Many borrowers like Corrao were disappointed when the Supreme Court struck down the Biden Administration’s student loan forgiveness program.

Jason Anderson, a student loan advisor, says now is the time to make a plan.

“I tell borrowers to go to the student loan simulator on the Department of Education website. They can plug in their information and it will tell them what different plans look like for them,” said Anderson. “Pay As You Earn is still around, IBR, Income-Based Repayment, Income Contingent Repayment… Depending on the types of loans you have, you may only qualify for one or two or none of those plans, so you have to see what qualify for.”

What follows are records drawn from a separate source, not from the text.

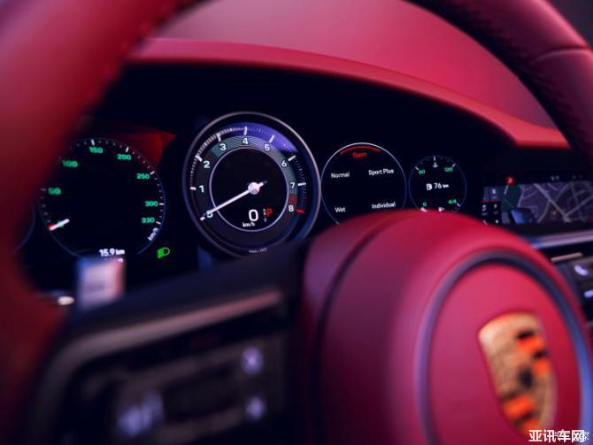 內(nèi)飾方面,911 Targa 4S Heritage Design Edition(經(jīng)典重現(xiàn)特別版)提供“紅色+米色”和“黑色+米色”兩種搭配,同時其門板以及座椅上還采用了燈芯絨材質(zhì),這同樣是復古元素的體現(xiàn)。作為特殊版車型,除了副駕駛前方的綠色的儀表背景字、金色標識、門框踏板、帶有皮質(zhì)保護套的鑰匙這些等細節(jié),保時捷還為新車附帶了一款由Porsche Design出品的特別版腕表可供購買,其設(shè)計元素與新車保持一致,包括金色/紅色搭配的配色,以及綠色背景表環(huán)等。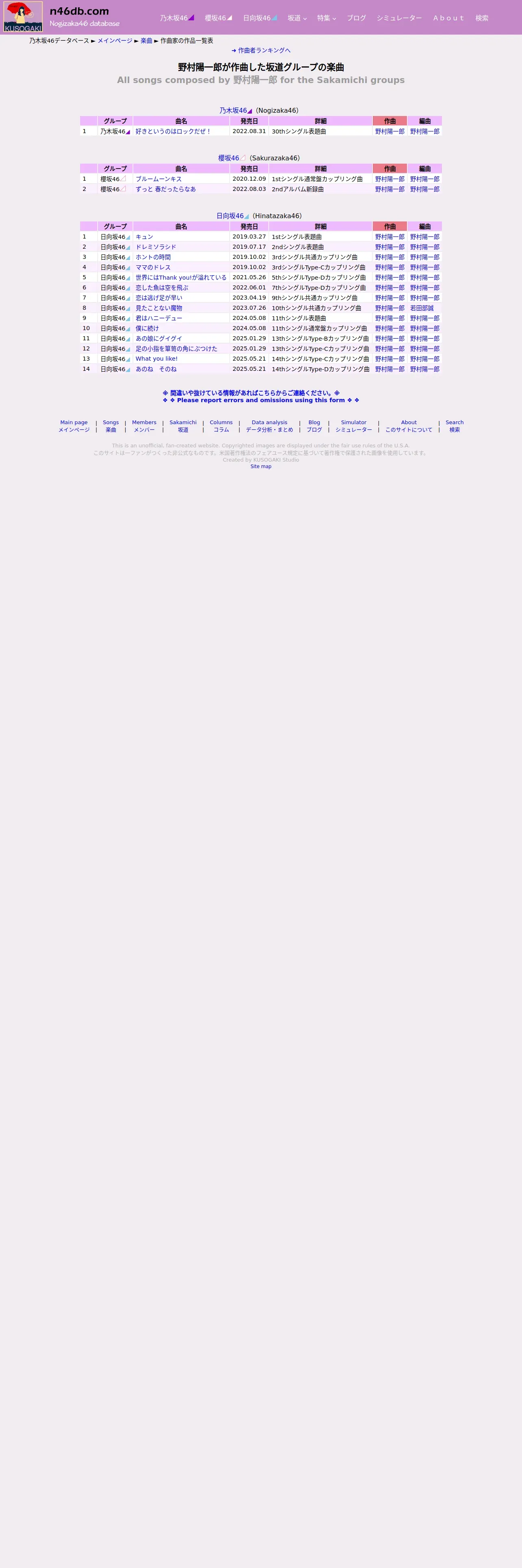 https://n46db.com:443/songs/composer.php?composer=%E9%87%8E%E6%9D%91%E9%99%BD%E4%B8%80%E9%83%8E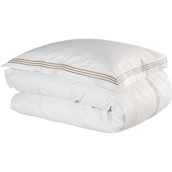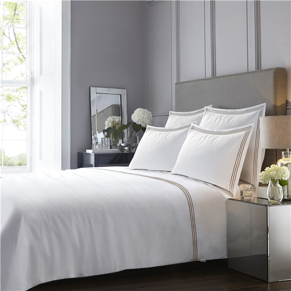 Bedford-sengetøj af 100% bomuld i vores mest luksuriøse kvalitet. En ekstra blød og kølig bomuldssatin med 300 tråde. Hvis du vil skabe en neutral hotelstemning på dit soveværelse er Bedford helt klart noget for dig. Bedford ses ofte på de sociale medier og anvendes flittigt af influencere. Du har sikkert allerede set det online. Pudebetrækket har en detaljeret vinge med tre broderede linjer i kontrastfarve, mens dynebetrækket har samme linjer broderet i horisontal retning over den forreste del af toppen. Satinkvaliteten karakteriseres af at stoffets overflade er en smule glansfuld, hvilket skaber et eksklusivt look på dit soveværelse. Ved fremstilling anvendes udelukkende det bedste og mest langfibrede bomuldsgarn, som er certificeret med OEKO-TEX® 100 Standard (klasse 1). Dynebetrækket har en skjult knaplukning, mens pudebetrækket har en såkaldt hotellukning.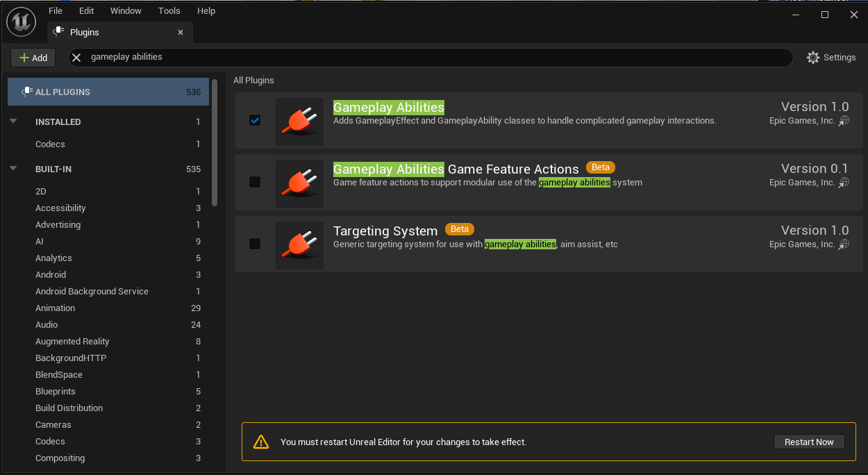 먼저 Gameplay Abilities 플러그인을 추가해주어야 한다.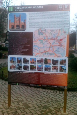 Чтобы создать удобную систему туристической навигации в Калининграде информационные щиты были установлены возле следующих объектов: «Башня Дона», «Башня Врангель», крепостные ворота «Фридрихсбургские», крепостные ворота «Королевские», крепостные ворота «Закхаймские», крепостные ворота «Фридландские», редюит бастиона «Обсерватория», редюит бастиона «Обертайх», редюит бастиона «Купфертайх», бастион «Грольман», «Крепость Фридриха Великого», оборонительная казарма «Кронпринц», форт № 5 «Король Фридрих III» и участок крепостной стены на южном берегу Верхнего пруда. Этот маршрут разработан совместно с Ассоциацией экскурсоводов и гидов-переводчиков Калининградской области.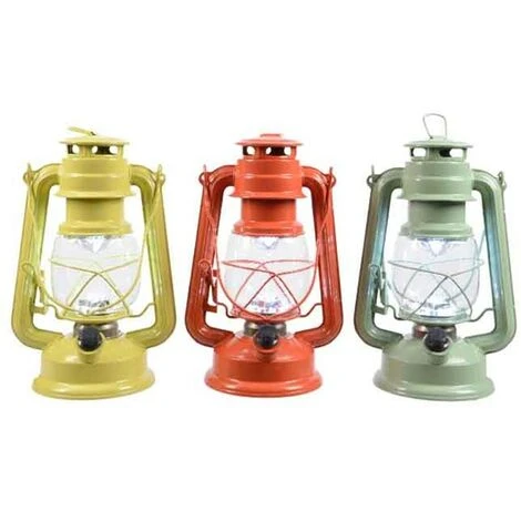 Lanterna Dimensione: 24 cm – 15 L Funzionamento con 2 batterie D non incluse Luce calda Funzionamento LED: circa 30 ore Bulbi non sostituibili Colore: verde/giallo/rossoarancio

And as of this August, a new federal program called “SAVE” is an option as well.

“It’s a great plan, especially for undergraduate borrowers. For undergraduate borrowers, it’s only five percent of your income that’s gonna be put towards your student loan payment. If you have graduate debt, that can be between five and ten percent,” said Anderson. “For those that have taken out a small amount of money for undergrad, you might even get forgiveness after as quick as ten years.”

As the payments resume, Anderson says borrowers may notice two alarming changes: your service provider and the amount of money you owe.

“We’ve had servicers that have exited that business, so we have new servicers that have taken on borrowers that they haven’t had previously,” said Anderson. “It is a red flag to get something from an entity that you’ve never heard of before, but a lot of those are legitimate because servicers have been switching. Some have been taking on borrowers from folks that went out of the business. So, that’s not something I would necessarily be concerned about as long as you vetted it and you’ve actually went to the servicer website.”

Anderson says the amount you owe may have gone up because your income may have changed or because of a mistake by the servicer.

“Servicers are so backlogged. You’ve gotta understand, they’re trying to train all these employees and so a lot of times they make mistakes,” said Anderson.

It is not uncommon to be put on hold for hours to reach a representative, so Anderson advises borrowers to call early.

Corrao says while these financial assistance programs are vital, the long-term solution is breaking down barriers to higher education from the top.

“If America can’t figure out how to get more students into higher ed, we’re gonna fall further and further behind with the rest of the world,” said Corrao.